### ASSIGNMENT
Could you give back every record below exactly, leaving out the pictures?
====== EXERCISE DATA
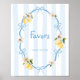 Obrigado os seus hóspedes com este encantador sinal de favores que inclui limões de aquarela, arcos azuis delicados e listras azuis e brancas clássicas. Um toque perfeito para o seu chá de fraldas inspirado no Mediterrâneo, este cartaz convida os hóspedes a levarem uma doce lembrança para casa.
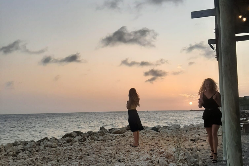 Zaterdag 1 april ben ik samen met mijn ouders en Loeka naar klein Curaçao gegaan. We hadden onze tour geboekt bij irie tours, aangezien deze een van de meest betaalbare opties was. Om 7 uur zaten Loeka en ik al in de auto om mijn ouders op te gaan halen bij hun resort. Daarna konden we door naar de haven waar onze boot al klaar lag. We waren er rond half 8 en moesten nog wachten tot het 8 uur was. Toen mochten we eindelijk op de boot en na een safety briefing was het tijd om te vertrekken! De heenweg was heeeeeeeel heftig kan ik je vertellen! We vertrokken redelijk rustig, maar toen we eenmaal uit de baai waren en op open zee kwamen werd heet heftig. We kwamen helaas in een storm terecht met veel/harde wind en regen. Letterlijk zodra we de baai uit gingen werd het bootje achterop even extra vast gebonden waardoor wij dachten "oh oh foute boel". Er was nergens zon te bekennen en de golven waren bijna 5 meter hoog. We waren compleet doorweekt, maar binnen zitten kon niet aangezien ik dan zeeziek werd. Dus de enige optie was buiten blijven staan in de regen en wind, maar daar kreeg ik het dus super koud door. Eenmaal aangekomen was het ook nog best koud en we moesten natuurlijk ook een stukje door het water lopen om op het strand te komen. Hierdoor werd ik weer extra doorweekt en koud (alsof het niet nog erger kon). Op het eiland zelf stond er heel veel wind dus in het begin moesten we echt nog even opwarmen met onze handdoek om ons heen. Zodra we het iets warmer hadden zijn we naar de vuurtoren en het scheepswrak gegaan. Hiervoor was het wel heel chill dat het niet super heet was omdat je dan in de volle zon zou lopen. Ook was het scheepswrak extra mooi dankzij de hogen golven die er tegen aan klapten. Toen zijn we terug naar het strand gelopen en daar hebben we tot ongeveer 12:30 gelegen voordat we terug geroepen werden voor de lunch. Op de boot hadden we eindelijk zon met de lunch dus dat was top! Eenmaal terug op het strand hebben we nog lekker kunnen zonnen (waardoor ik helaas wel flink verbrand ben geraakt) en kunnen snorkelen in het water. Helaas was het rond 15:00 weer tijd om terug te varen naar Curaçao. Gelukkig was de terug vaart heel rustig en konden we gewoon relaxed in het zonnetje zitten met een wijntje in onze hand :)
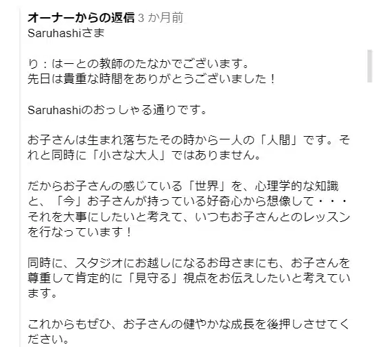 そして、子どもや親への否定は全くせず、これからどう触れ合っていくとより成長を促せるか教えていただきました。今現在1ヶ月ほど経ちますが、伺ってからみるみる新しいことを始めて驚いております!本当に行って良かったです。
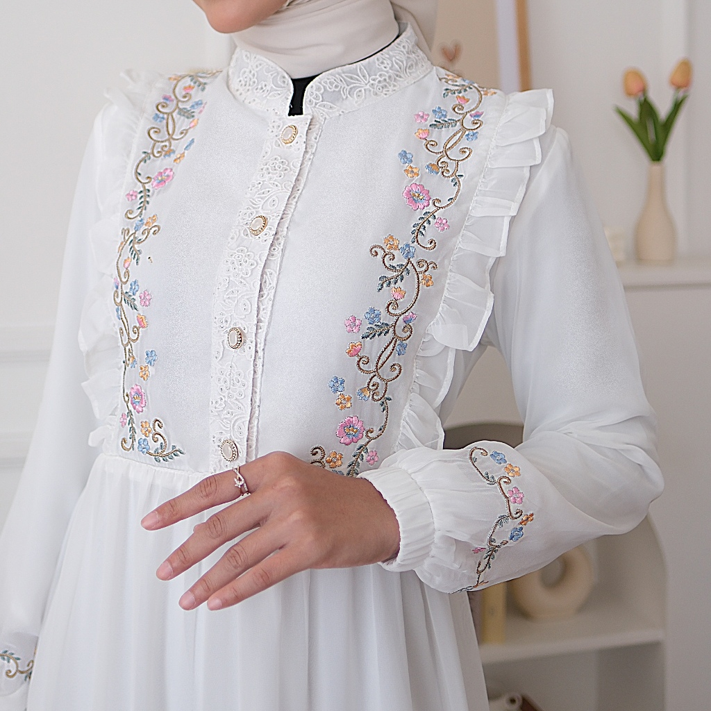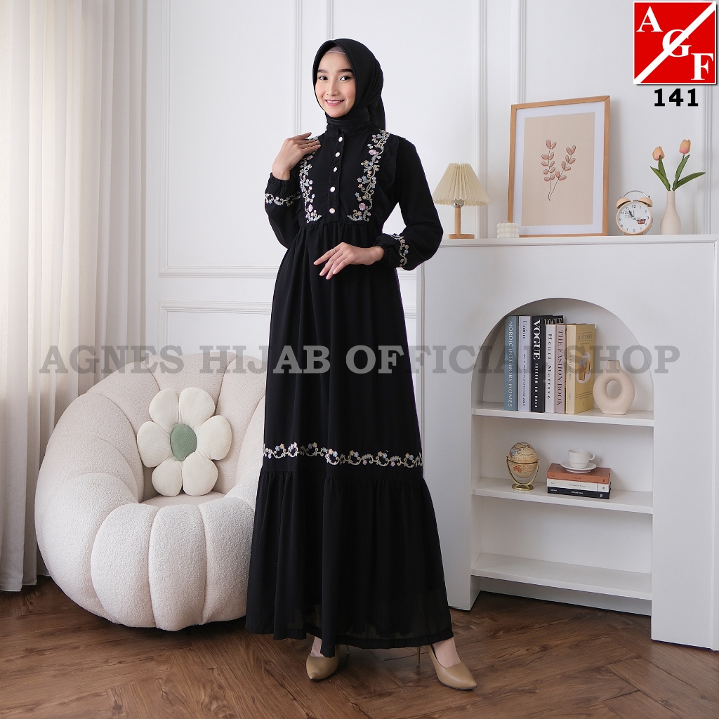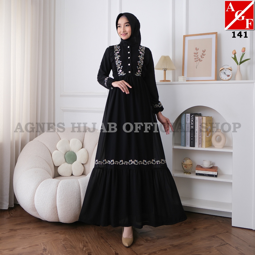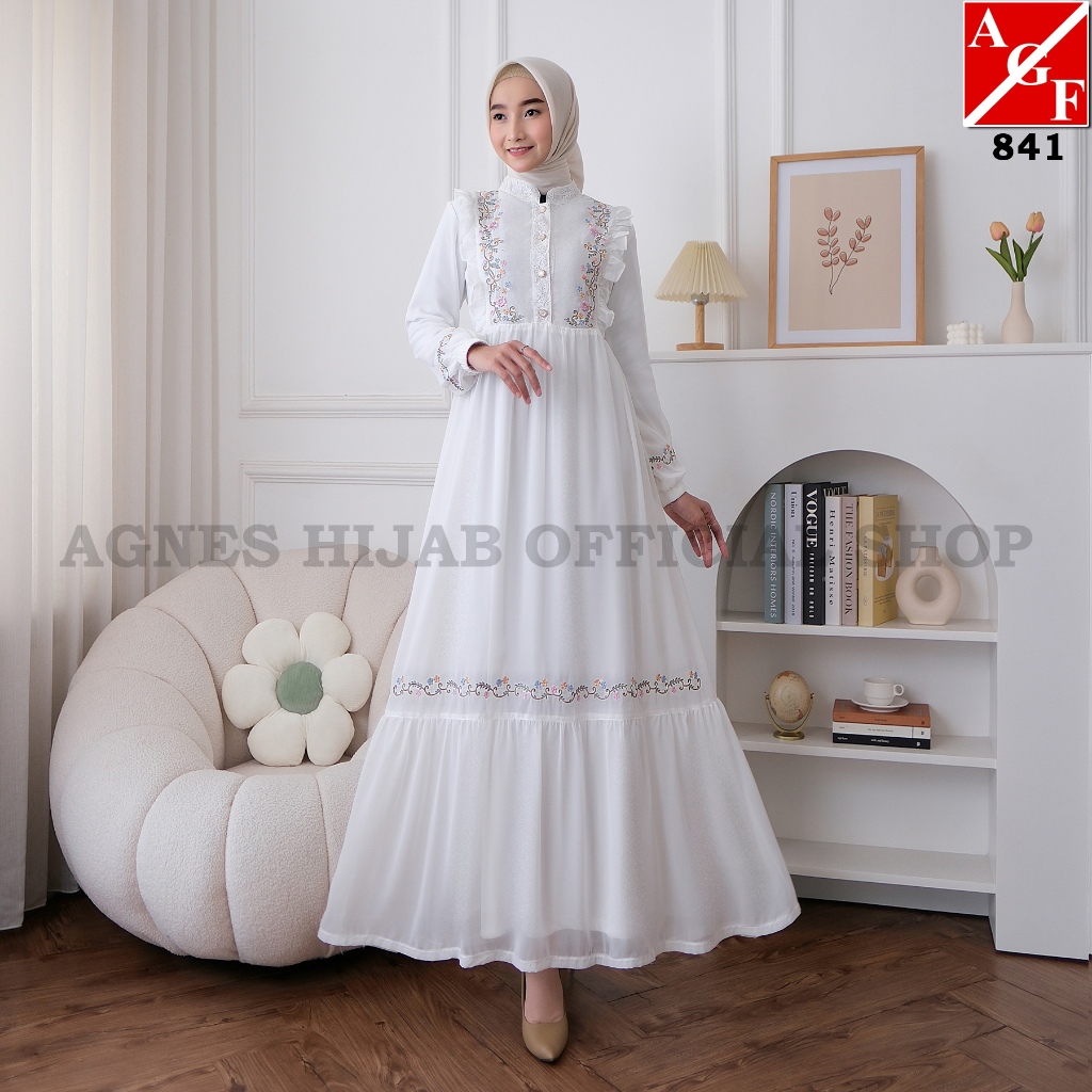 AGNES HIJAB - BELLA DRESS GAMIS PUTIH BAJU LEBARAN 2025 DRESS WANITA MUSLIM DEWASA REMAJA BORDIR BUNGA MEWAH ABAYA HITAM TURKEY HAJI UMROH TERBARU 841
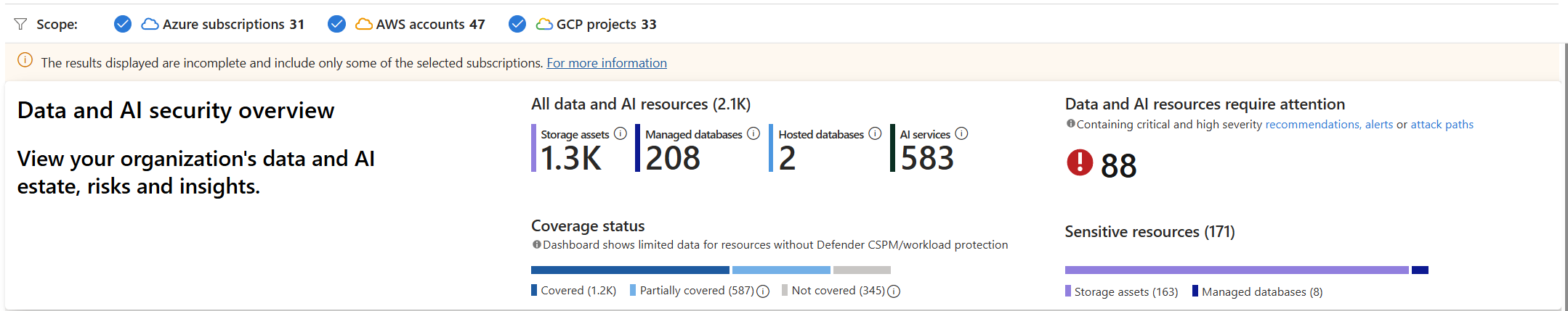 The data security dashboard feature is enabled at the subscription level. The dashboard information is based on the data and AI resources in your subscription and the plans enabled in your subscription.
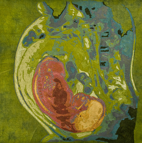 Body imaging provides a powerful window for doctors to view dramatic, noninvasive images of our anatomy. As artists, Paula Chung and Karen Rips find these visuals compelling, with individual stories to tell about joy and pain. The images can be viewed literally or simply as shapes and lines, dark and light spaces.Working separately from the same image, each artist interprets the beauty, strength and vulnerability of the human body through the medium of textiles. The result is a series of paired textile pieces. Chung's pieces tend toward realism, while Rips' works are generally abstract.
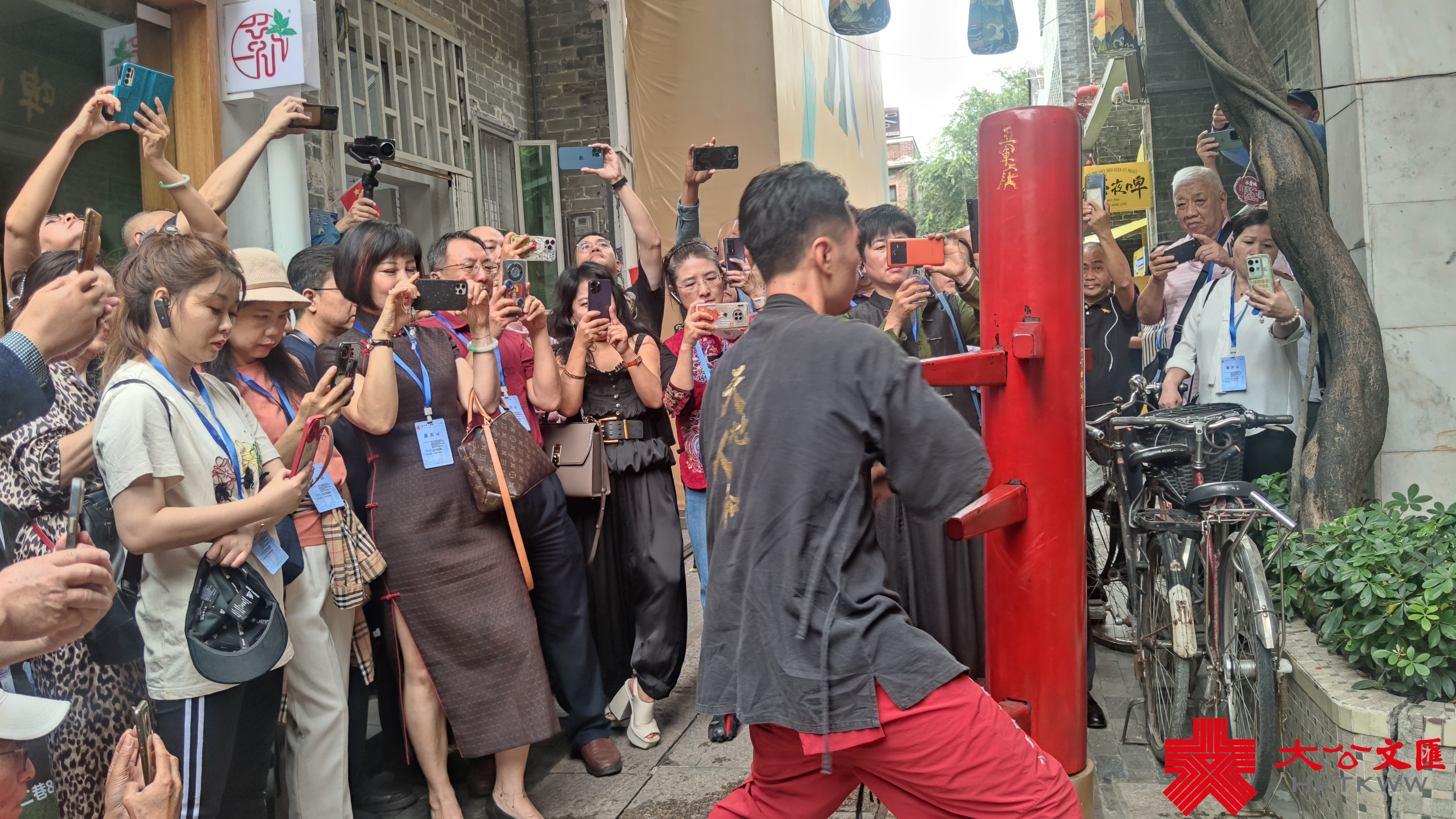 (大公文匯網 記者 敖敏輝)10日上午,2023海外華文傳媒合作組織廣東高質量發展主題調研團走訪了廣州非遺街區永慶坊。在粵劇武打行「鑾輿堂」,粵劇紅船木人樁108式傳承人、澳門國家級非物質文化遺產武術協會理事長李健豪,正帶領弟子練習詠春拳。「噔、噔、噔」,手臂與木樁鏗鏘有力的碰撞,吸引了一眾華媒高層。在李健豪的示範和帶領下,部分團員還親自上陣體驗。參與體驗的華媒高層說,拳腳之間,彰顯尚武精神,來到南派武術發源地一線體驗,非常過癮。
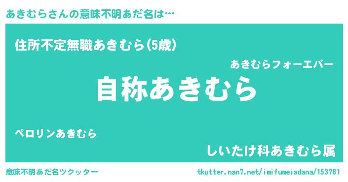 | 男性向けラノベタイトル風あだ名 | 『Re:あきむらから始める異世界生活』 |
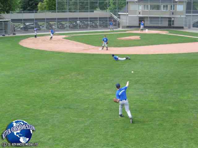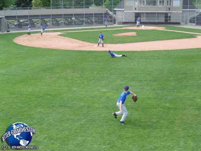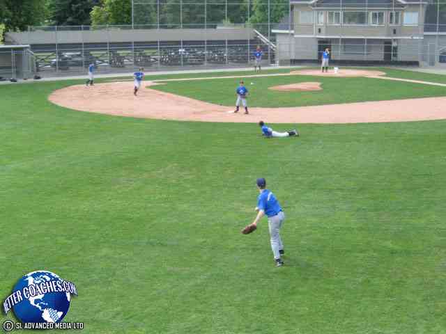 The outfielders make the play to second base.
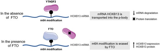- Zhang, L.; Wan, Y.; Zhang, Z.; Jiang, Y.; Lang, J.; Cheng, W.; Zhu, L. FTO demethylates m6A modifications in HOXB13 mRNA and promotes endometrial cancer metastasis by activating the WNT signalling pathway. RNA Biol. 2021, 18, 1265–1278. [Google Scholar] [CrossRef]
============
### ANSWER TO THE PROBLEM
 Obrigado os seus hóspedes com este encantador sinal de favores que inclui limões de aquarela, arcos azuis delicados e listras azuis e brancas clássicas. Um toque perfeito para o seu chá de fraldas inspirado no Mediterrâneo, este cartaz convida os hóspedes a levarem uma doce lembrança para casa.
 Zaterdag 1 april ben ik samen met mijn ouders en Loeka naar klein Curaçao gegaan. We hadden onze tour geboekt bij irie tours, aangezien deze een van de meest betaalbare opties was. Om 7 uur zaten Loeka en ik al in de auto om mijn ouders op te gaan halen bij hun resort. Daarna konden we door naar de haven waar onze boot al klaar lag. We waren er rond half 8 en moesten nog wachten tot het 8 uur was. Toen mochten we eindelijk op de boot en na een safety briefing was het tijd om te vertrekken! De heenweg was heeeeeeeel heftig kan ik je vertellen! We vertrokken redelijk rustig, maar toen we eenmaal uit de baai waren en op open zee kwamen werd heet heftig. We kwamen helaas in een storm terecht met veel/harde wind en regen. Letterlijk zodra we de baai uit gingen werd het bootje achterop even extra vast gebonden waardoor wij dachten "oh oh foute boel". Er was nergens zon te bekennen en de golven waren bijna 5 meter hoog. We waren compleet doorweekt, maar binnen zitten kon niet aangezien ik dan zeeziek werd. Dus de enige optie was buiten blijven staan in de regen en wind, maar daar kreeg ik het dus super koud door. Eenmaal aangekomen was het ook nog best koud en we moesten natuurlijk ook een stukje door het water lopen om op het strand te komen. Hierdoor werd ik weer extra doorweekt en koud (alsof het niet nog erger kon). Op het eiland zelf stond er heel veel wind dus in het begin moesten we echt nog even opwarmen met onze handdoek om ons heen. Zodra we het iets warmer hadden zijn we naar de vuurtoren en het scheepswrak gegaan. Hiervoor was het wel heel chill dat het niet super heet was omdat je dan in de volle zon zou lopen. Ook was het scheepswrak extra mooi dankzij de hogen golven die er tegen aan klapten. Toen zijn we terug naar het strand gelopen en daar hebben we tot ongeveer 12:30 gelegen voordat we terug geroepen werden voor de lunch. Op de boot hadden we eindelijk zon met de lunch dus dat was top! Eenmaal terug op het strand hebben we nog lekker kunnen zonnen (waardoor ik helaas wel flink verbrand ben geraakt) en kunnen snorkelen in het water. Helaas was het rond 15:00 weer tijd om terug te varen naar Curaçao. Gelukkig was de terug vaart heel rustig en konden we gewoon relaxed in het zonnetje zitten met een wijntje in onze hand :)
 そして、子どもや親への否定は全くせず、これからどう触れ合っていくとより成長を促せるか教えていただきました。今現在1ヶ月ほど経ちますが、伺ってからみるみる新しいことを始めて驚いております!本当に行って良かったです。
 AGNES HIJAB - BELLA DRESS GAMIS PUTIH BAJU LEBARAN 2025 DRESS WANITA MUSLIM DEWASA REMAJA BORDIR BUNGA MEWAH ABAYA HITAM TURKEY HAJI UMROH TERBARU 841
 The data security dashboard feature is enabled at the subscription level. The dashboard information is based on the data and AI resources in your subscription and the plans enabled in your subscription.
 Body imaging provides a powerful window for doctors to view dramatic, noninvasive images of our anatomy. As artists, Paula Chung and Karen Rips find these visuals compelling, with individual stories to tell about joy and pain. The images can be viewed literally or simply as shapes and lines, dark and light spaces.Working separately from the same image, each artist interprets the beauty, strength and vulnerability of the human body through the medium of textiles. The result is a series of paired textile pieces. Chung's pieces tend toward realism, while Rips' works are generally abstract.
 (大公文匯網 記者 敖敏輝)10日上午,2023海外華文傳媒合作組織廣東高質量發展主題調研團走訪了廣州非遺街區永慶坊。在粵劇武打行「鑾輿堂」,粵劇紅船木人樁108式傳承人、澳門國家級非物質文化遺產武術協會理事長李健豪,正帶領弟子練習詠春拳。「噔、噔、噔」,手臂與木樁鏗鏘有力的碰撞,吸引了一眾華媒高層。在李健豪的示範和帶領下,部分團員還親自上陣體驗。參與體驗的華媒高層說,拳腳之間,彰顯尚武精神,來到南派武術發源地一線體驗,非常過癮。
 | 男性向けラノベタイトル風あだ名 | 『Re:あきむらから始める異世界生活』 |
 The outfielders make the play to second base.
- Zhang, L.; Wan, Y.; Zhang, Z.; Jiang, Y.; Lang, J.; Cheng, W.; Zhu, L. FTO demethylates m6A modifications in HOXB13 mRNA and promotes endometrial cancer metastasis by activating the WNT signalling pathway. RNA Biol. 2021, 18, 1265–1278. [Google Scholar] [CrossRef]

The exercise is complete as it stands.